* [What needs to be done]:
Copy the closing run of lines, from the one with "三段ベッド 二段ベッド シングルベッド 2段ベッド 3段ベッド ホワイト ブラック" through the last line of the listing, exactly and without any pictures.

:: Information shown

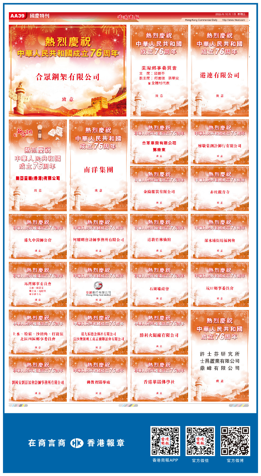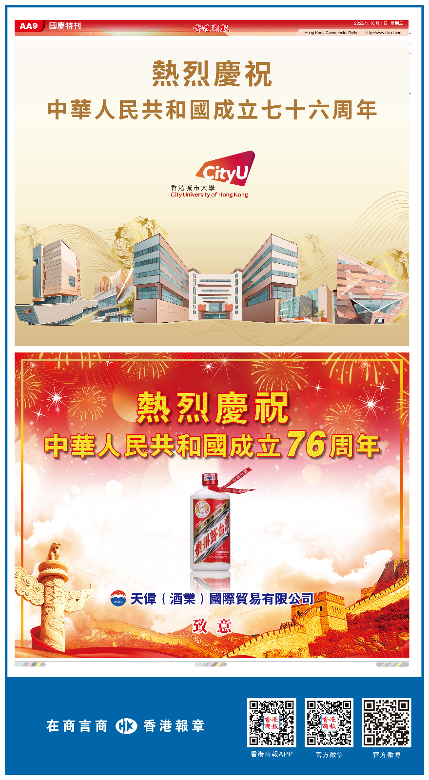 責(zé)任編輯:黃鶯 賀國(guó)慶76周年 香港商報(bào)精彩版面來(lái)了!
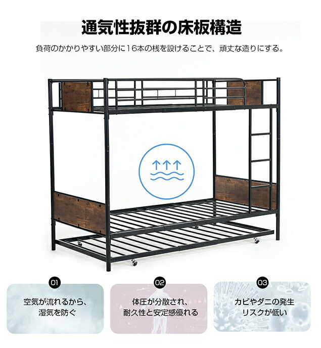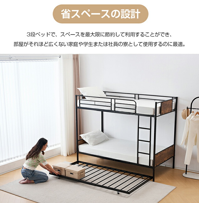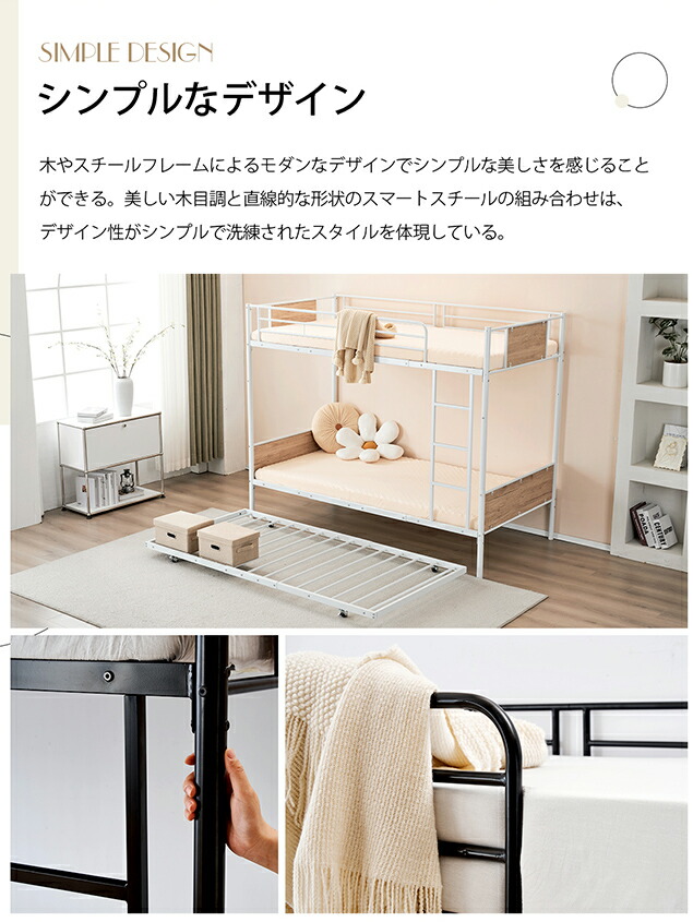 三段ベッド 二段ベッド シングルベッド 2段ベッド 3段ベッド ホワイト ブラック
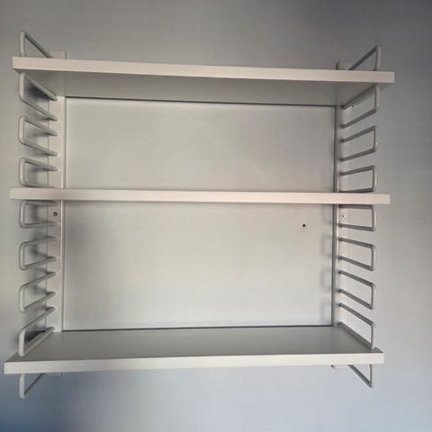 STEDGE vägghylla 80 cm, svartmålad ek. Säljs exakt som på bild (4 hyllplan). Mindre skada på ett plan, se bild. Kvitto finns. Nypris: ca 9500:-, kan tänka mig släppa lite billigare vid snabb affär.

::::

* [Exercise output]:
 三段ベッド 二段ベッド シングルベッド 2段ベッド 3段ベッド ホワイト ブラック
 STEDGE vägghylla 80 cm, svartmålad ek. Säljs exakt som på bild (4 hyllplan). Mindre skada på ett plan, se bild. Kvitto finns. Nypris: ca 9500:-, kan tänka mig släppa lite billigare vid snabb affär.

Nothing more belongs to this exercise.